Abandon the refined grains! Switch to wholegrain foods
  • Whole grains can help you manage your weight as they help you feel full faster and keep you feeling full longer. This is because wholegrain foods are higher in fibre, which provide bulk. In addition, they are generally digested at a lower rate; hence prolonging the feeling of "fullness".
  • You can include a wide variety of wholegrain foods (e.g. wholemeal bread, brown rice and oats) in your diet. Be sure to look out for the Higher in wholegrain Healthier Choice Symbol when shopping for groceries.
recommended calorie intake: healthier choice symbol
Never skip breakfast
  • Studies suggest that people who eat breakfast are less likely to suffer from hunger pangs.
  • Make a better breakfast by having wholegrain foods such as wholemeal bread, oats or wholegrain cereals with low fat milk!
Up your fruit and vegetable intake
  • Fruit and vegetable are naturally low in calories and high in nutrients and fibre. So increase your intake to provide bulk to fight the hunger pangs!
  • Be sure to prepare vegetables with healthier cooking methods such as blenching, steaming or stir-frying with less oil.

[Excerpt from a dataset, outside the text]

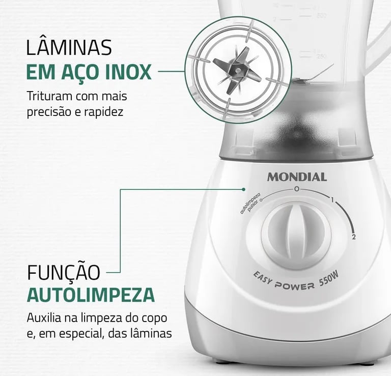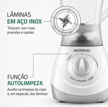 O Liquidificador Mondial Easy Power 550W é ideal para sucos, bolos, tortas e massas!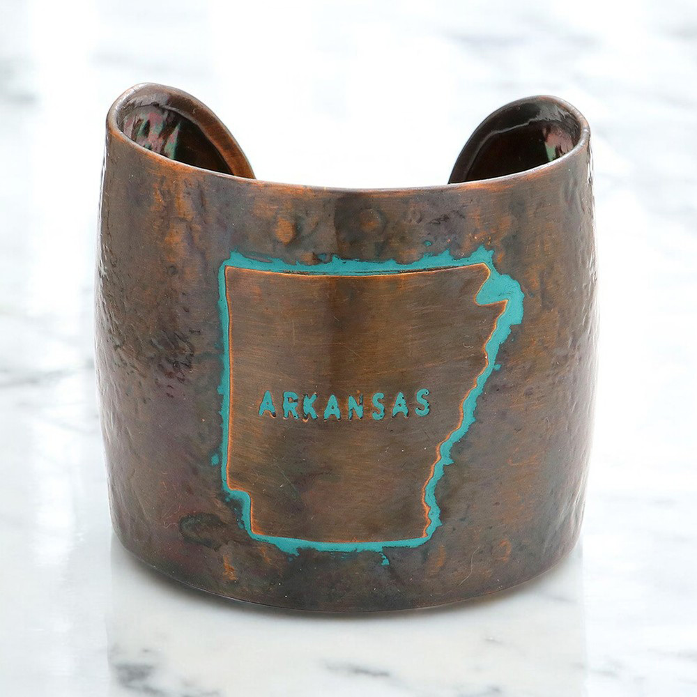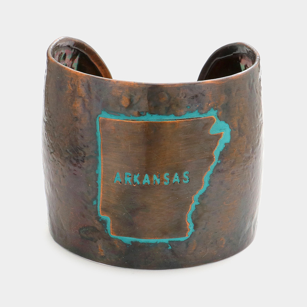 Arkansas State map Hammered Wide Metal Cuff Bracelet

Include lean-protein foods
  • In addition to the above strategies, always make sure you have lean protein foods at each meal because studies suggest that protein may help stave off hunger longer; hence may aid in weight loss.
  • For example, have a tub of low fat yoghurt or low fat milk during breakfast and a palm size of poultry without skin/ lean meat/ fish/ beancurd during your main meals.

So Remember....

  • To lose weight, eat fewer calories than what your body burns.
  • You can eat your favourite high calorie food as long as you eat within your caloric allowance.
  • Switching to wholegrain foods, eating breakfast, having more fruit and vegetable as well as including lean protein during main meals are effective strategies to fight hunger pang.